Or, mes chers collègues, le 1er janvier 2026, c'est demain ! Dès demain, les exécutifs locaux devront effectuer des études ou y renoncer, décider, apprécier le prix de l'eau, les périmètres d'action, délibérer, recruter, prévoir des budgets en conséquence, ou au contraire ne pas les prévoir.
Quelle que soit la décision qui sera prise, elle nécessitera un peu de temps pour se concrétiser, car c'est bien ainsi que fonctionne une démocratie qui se respecte.
Monsieur le ministre de l'aménagement du territoire et de la décentralisation, pouvez-vous nous affirmer ce jour que ce transfert ne sera pas obligatoire au 1er janvier 2026 ? (Applaudissements sur les travées des groupes RDSE, RDPI, INDEP, UC et Les Républicains.)
M. le président. La parole est à M. le ministre de l'aménagement du territoire et de la décentralisation.

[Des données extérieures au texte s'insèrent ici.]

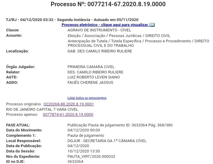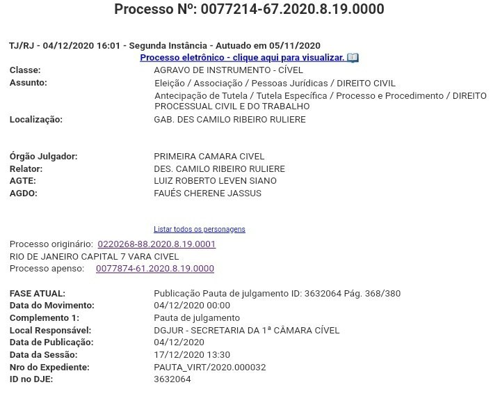 A sessão do dia 17 é a última sessão dos desembargadores da Primeira Câmara Cível do TJRJ antes do recesso do Judiciário, que vai do próximo dia 20 até o dia 6 de janeiro de 2021. Estão marcados para este dia os julgamentos de 271 processos nesta Câmara. Os recursos da eleição estão nas posições 26 e 27.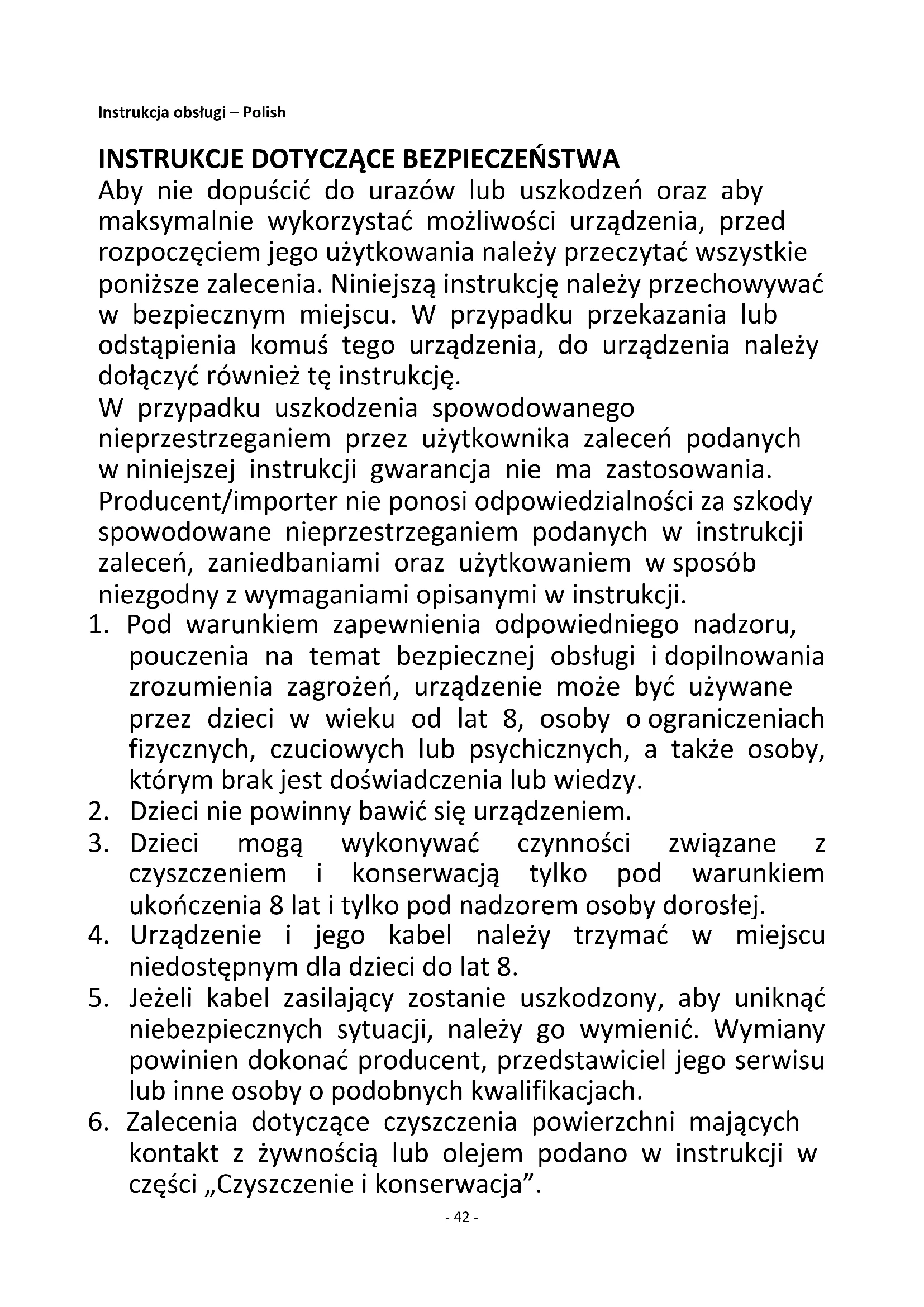 Aby nie dopuścić do urazów lub uszkodzeń oraz aby maksymalnie wykorzystać możliwości urządzenia, przed rozpoczęciem jego użytkowania należy przeczytać wszystkie poniższe zalecenia. Niniejszą instrukcję należy przechowywać w bezpiecznym miejscu. W przypadku przekazania lub odstąpienia komuś tego urządzenia, do urządzenia należy dołączyć również tę instrukcję. W przypadku uszkodzenia spowodowanego nieprzestrzeganiem przez użytkownika zaleceń podanych w niniejszej instrukcji gwarancja nie ma zastosowania. Producent/importer nie ponosi odpowiedzialności za szkody spowodowane nieprzestrzeganiem podanych w instrukcji zaleceń, zaniedbaniami oraz użytkowaniem w sposób niezgodny z wymaganiami opisanymi w instrukcji.

M. François Rebsamen, ministre de l'aménagement du territoire et de la décentralisation. Monsieur le sénateur Roux, dans les temps prochains, nous allons être conduits à beaucoup parler des compétences eau et assainissement. J'ai compris que ce sujet vous intéresse tout particulièrement – et vous n'êtes pas le seul, si j'en juge par les applaudissements qui ont salué votre question.
Le maintien de la qualité de l'eau potable et la lutte contre son gaspillage sont un combat qui est mené conjointement par l'État et par les collectivités territoriales.
Les collectivités jouent un rôle primordial pour sécuriser l'accès à la ressource et garantir l'efficience du service public de l'eau – je pense en particulier aux coûts pour le consommateur. L'État se tient à leurs côtés pour les accompagner.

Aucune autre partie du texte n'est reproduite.